**DATASET SECTION**.
────────────────────

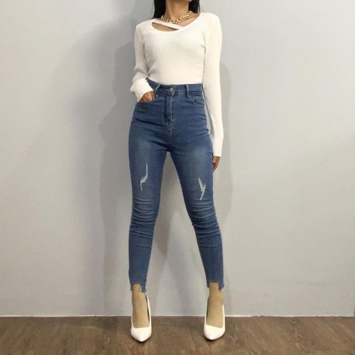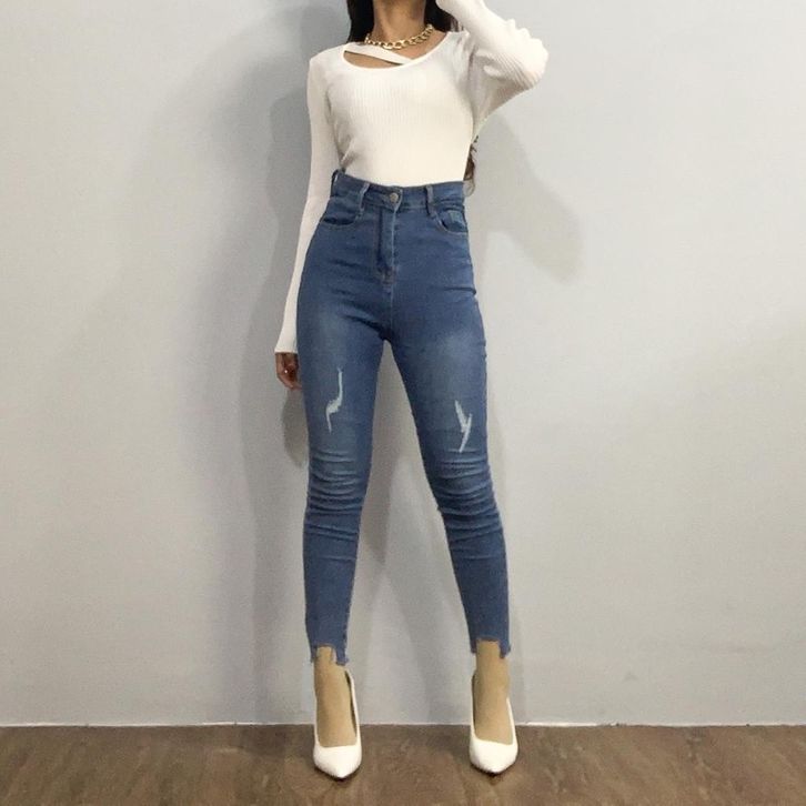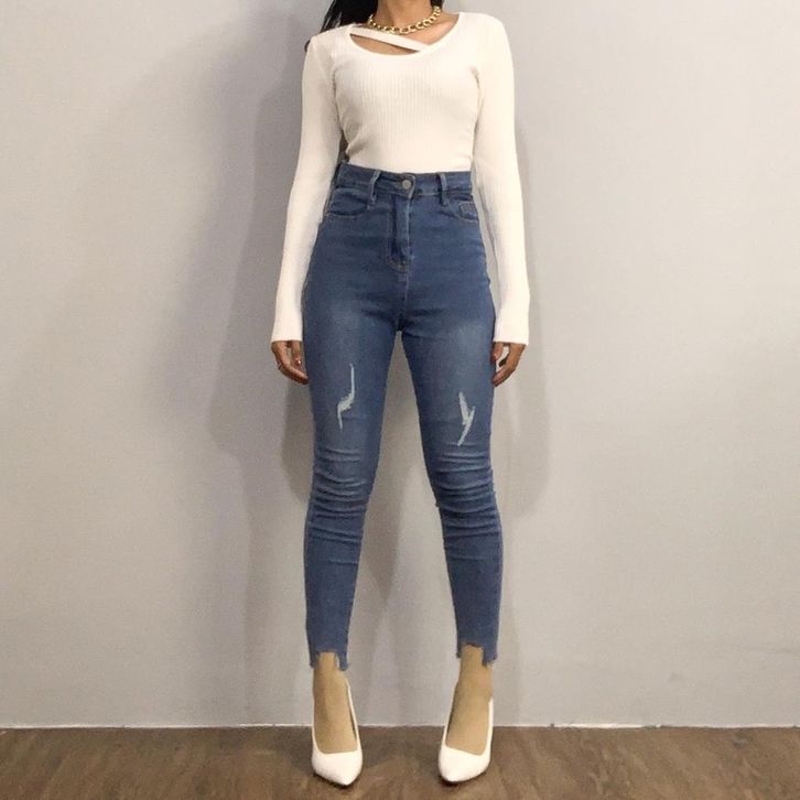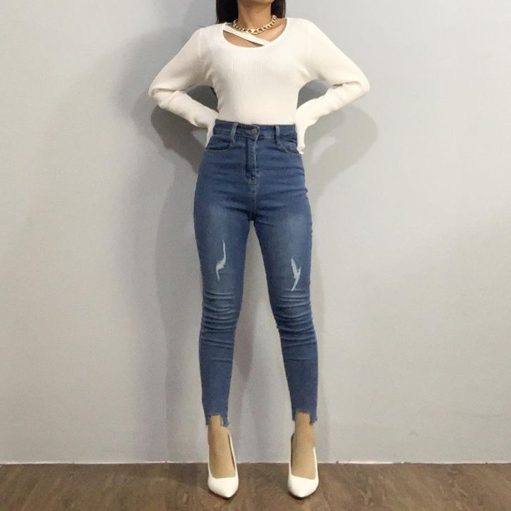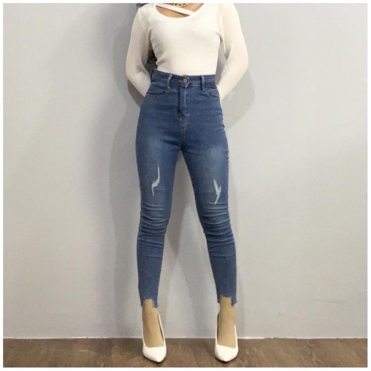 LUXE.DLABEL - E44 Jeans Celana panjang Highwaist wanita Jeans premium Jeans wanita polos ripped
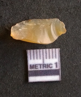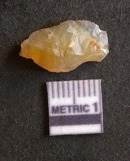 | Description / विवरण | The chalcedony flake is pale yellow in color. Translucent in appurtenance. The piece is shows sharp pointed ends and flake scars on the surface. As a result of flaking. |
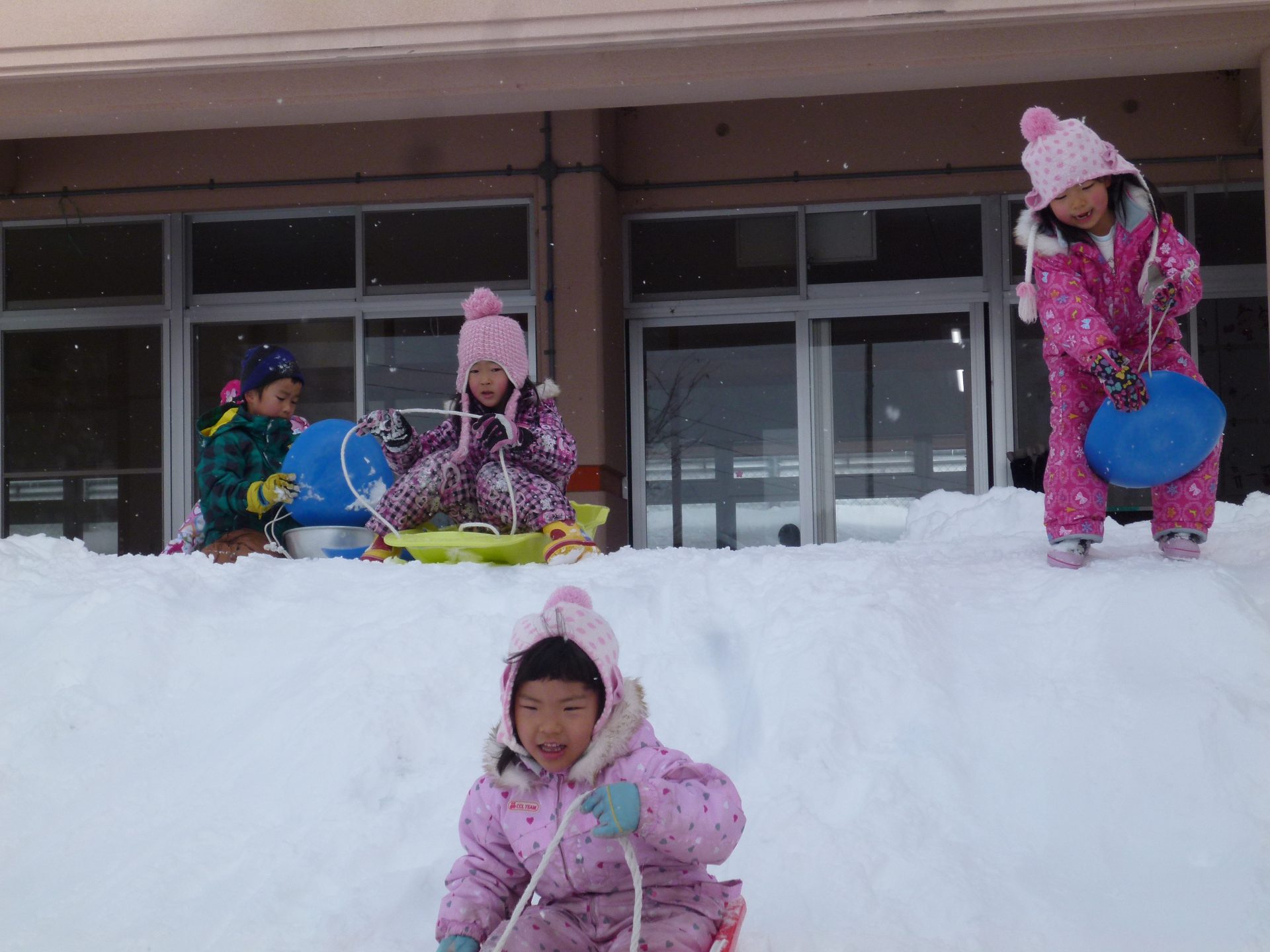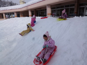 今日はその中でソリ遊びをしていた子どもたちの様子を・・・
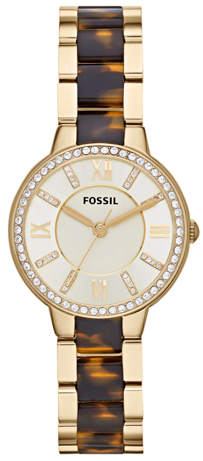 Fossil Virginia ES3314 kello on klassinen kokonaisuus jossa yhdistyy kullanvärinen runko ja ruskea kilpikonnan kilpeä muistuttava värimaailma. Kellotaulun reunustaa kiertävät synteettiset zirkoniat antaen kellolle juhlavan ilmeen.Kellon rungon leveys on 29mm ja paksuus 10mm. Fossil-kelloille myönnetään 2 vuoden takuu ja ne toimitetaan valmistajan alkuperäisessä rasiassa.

────────────────────

**WHAT IS BEING ASKED**.
Could you print the material above word for word and skip the images?

**ANSWER BOX**.
 LUXE.DLABEL - E44 Jeans Celana panjang Highwaist wanita Jeans premium Jeans wanita polos ripped
 | Description / विवरण | The chalcedony flake is pale yellow in color. Translucent in appurtenance. The piece is shows sharp pointed ends and flake scars on the surface. As a result of flaking. |
 今日はその中でソリ遊びをしていた子どもたちの様子を・・・
 Fossil Virginia ES3314 kello on klassinen kokonaisuus jossa yhdistyy kullanvärinen runko ja ruskea kilpikonnan kilpeä muistuttava värimaailma. Kellotaulun reunustaa kiertävät synteettiset zirkoniat antaen kellolle juhlavan ilmeen.Kellon rungon leveys on 29mm ja paksuus 10mm. Fossil-kelloille myönnetään 2 vuoden takuu ja ne toimitetaan valmistajan alkuperäisessä rasiassa.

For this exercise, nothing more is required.